*INSTRUCTIONS FOR THE TASK*: The result should be the listing below restated word for word, with images left out.

*SOURCE MATERIAL*:

━━━━━━

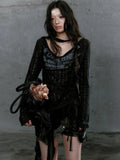 Romantik ve asi detayların birleşimiyle tasarlanan Grunge Tarzı Bağcıklı Fırfırlı Bluz, hem feminen hem de grunge stiline uyum sağlar. Özgün tasarımıyla günlük kombinlerinize sofistike bir hava katın.
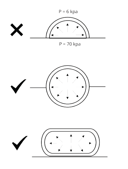 So the artificial atmosphere that is suitable for humans should be created inside of the habitat. It will be pressurized, and to balance this internal pressure all the shapes should be smooth. But the internal forces push against all surfaces, not only walls, so structures with flat bottoms are just going to shoot upwards. That is why domes should not have flat bottoms, but be round altogether. They can also be fused together.
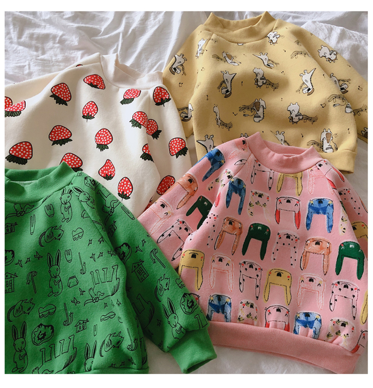 2019冬季新款 中小童俏皮可愛草莓印花上衣 女童小清新套頭衛衣1入
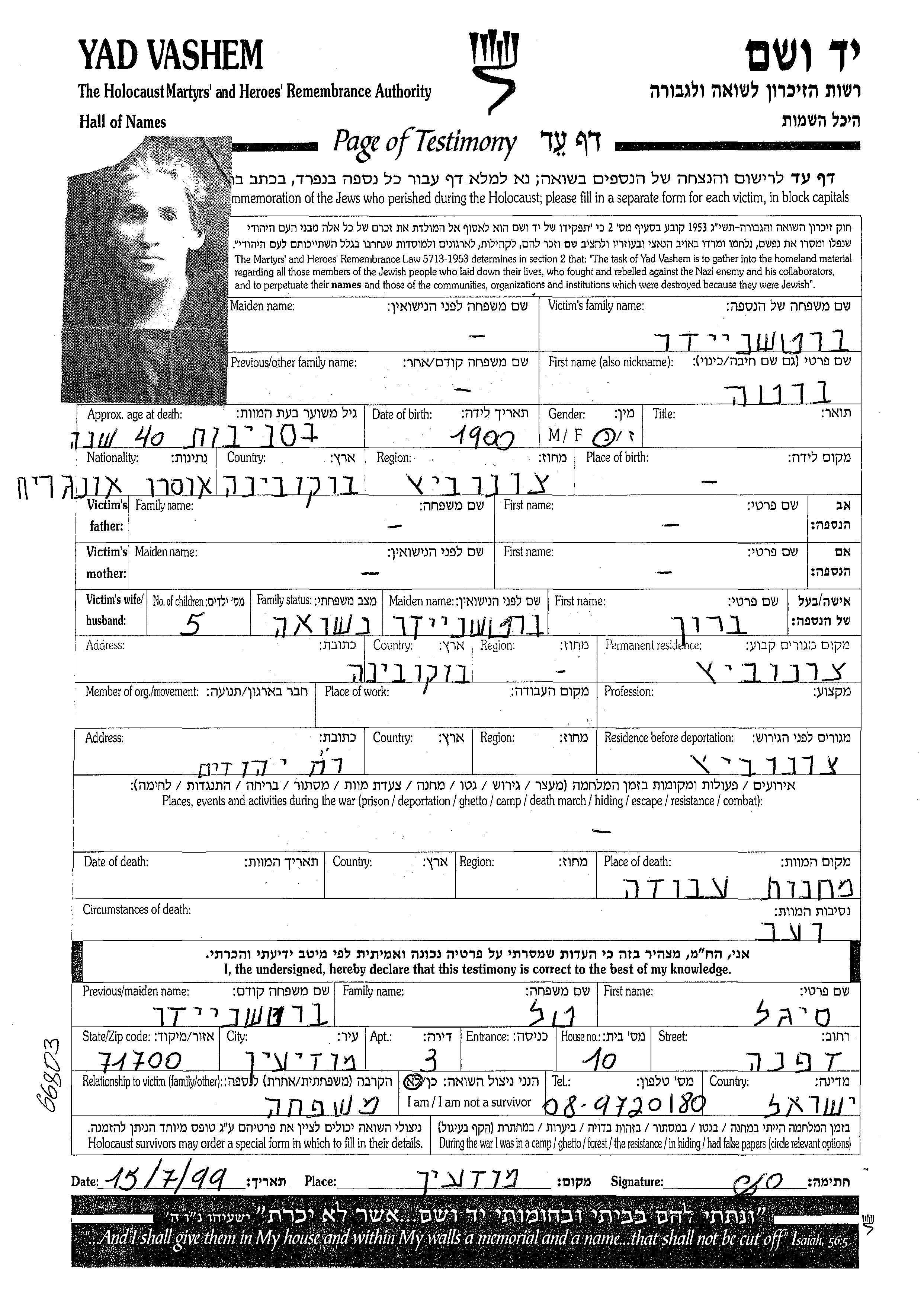 Yad Vashem - Pages of Testimony Names Memorial Collection

━━━━━━

*RESULT BELOW*:
 Romantik ve asi detayların birleşimiyle tasarlanan Grunge Tarzı Bağcıklı Fırfırlı Bluz, hem feminen hem de grunge stiline uyum sağlar. Özgün tasarımıyla günlük kombinlerinize sofistike bir hava katın.
 So the artificial atmosphere that is suitable for humans should be created inside of the habitat. It will be pressurized, and to balance this internal pressure all the shapes should be smooth. But the internal forces push against all surfaces, not only walls, so structures with flat bottoms are just going to shoot upwards. That is why domes should not have flat bottoms, but be round altogether. They can also be fused together.
 2019冬季新款 中小童俏皮可愛草莓印花上衣 女童小清新套頭衛衣1入
 Yad Vashem - Pages of Testimony Names Memorial Collection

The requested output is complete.